9. What are the differences between GPS and the Beidou satellite locating system?
The most eye-catching difference between GPS and the Beidou satellite locating system is that GPS has not been equipped with the function of sending and receiving short text communication while the Beidou satellite locating system supports the function of sending and receiving short text communication. However, it is vital to note that cell phones generally cannot support the function of sending and gathering texts of the Beidou satellite locating system for the reason that the locating chip on the cell phones can only support obtaining locating information from satellites.
GPS utilizes a dual-frequency signal. However, the Beidou satellite locating system makes use of a triple-frequency signal. Theoretically speaking, GPS has comparable locating precision globally while the locating precision of the Beidou satellite system is specially strengthened for China and its surrounding areas.
GPS has been equipped with 32 satellites. The more satellites there are, the more redundant data will be obtained, the more reliable the data will be, and the smaller the DOP value will be. Right now, the Beidou satellite locating system has been only equipped with sixteen satellites. The more satellites will be, the more observation data will be acquired, and the more evitable the precision will be enhanced.
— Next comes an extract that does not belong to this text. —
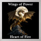 Un violento dragón dorado que cría con la luna llena en el fondo. El eslogan 'Alas de poder, corazón de fuego' rodea la imagen. Una gran imagen para un hombre o una mujer que disfruta de la fantasía. Contiene contenido generativo.
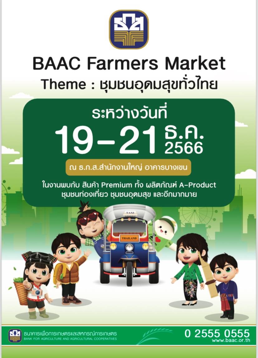 ธ.ก.ส. ชวนช้อปชุดของขวัญปีใหม่ที่ควรค่าต่อการส่งมอบความสุขให้กับคนพิเศษ แถมยังส่งต่อกำลังใจและสร้างเศรษฐกิจที่ดีคืนกลับสู่ชุมชน พบสินค้าเกษตรและผลิตภัณฑ์คุณภาพมาตรฐาน A-Product กว่า 40 ร้านค้าในงาน BAAC Farmers Market ที่มาในธีมชุมชนอุดมสุขทั่วไทย ที่ส่งตรงจากแหล่งผลิตมาให้เลือกซื้อ ณ บริเวณด้านหน้า ธ.ก.ส. สำนักงานใหญ่ กรุงเทพมหานคร ระหว่างวันที่ 19 – 21 ธันวาคมนี้

GPS is one-way oriented, which means that the receiver can only gather the location signals and only know where you are. On the contrary, the Beidou satellite locating system is two-way oriented, meaning that the system is able to transfer your position to your friends to let your friends know where you are while also receiving signals. In general, GPS and the Beidou satellite locating system both function as navigation and locating systems but they make use of distinctive locating technologies and therefore have different locating ranges. The Beidou navigation system is expected to be equipped with global locating and navigation functions by 2020. However, GPS is an all-weather locating system that covers areas around the world.
10. The History as well as Development of the Global Positioning System
The predecessor of GPS was a meridian satellite locating system researched and developed by the U.S. Army in 1958. The system worked with a network of five to six satellites that circled the Earth up to 13 times per day. However, it could not provide altitude information and was not as accurate as it could be in terms of locating precision.
GPS originated from a U.S. military project that started in 1958 and was put into use in 1964. The U.S. Army, Navy and Air Force departments jointly invented a new generation of the satellite locating system, also named the Global Positioning System in the 1970s.
The major intention of the design of GPS is to provide real-time, all-weather worldwide navigation services for the 3 main areas including the land, sea and air. It is utilized for some military intentions such as INTEL collection, the monitoring of nuclear explosions and emergency communications. With more than twenty years of research and experiments as well as with the cost of $30 billion, a constellation of 24 GPS satellites had been laid out by 1994, with global coverage of 98%. Global Positioning System carries another definition in the mechanical field, that is, Geometrical Product Specifications – GPS for short.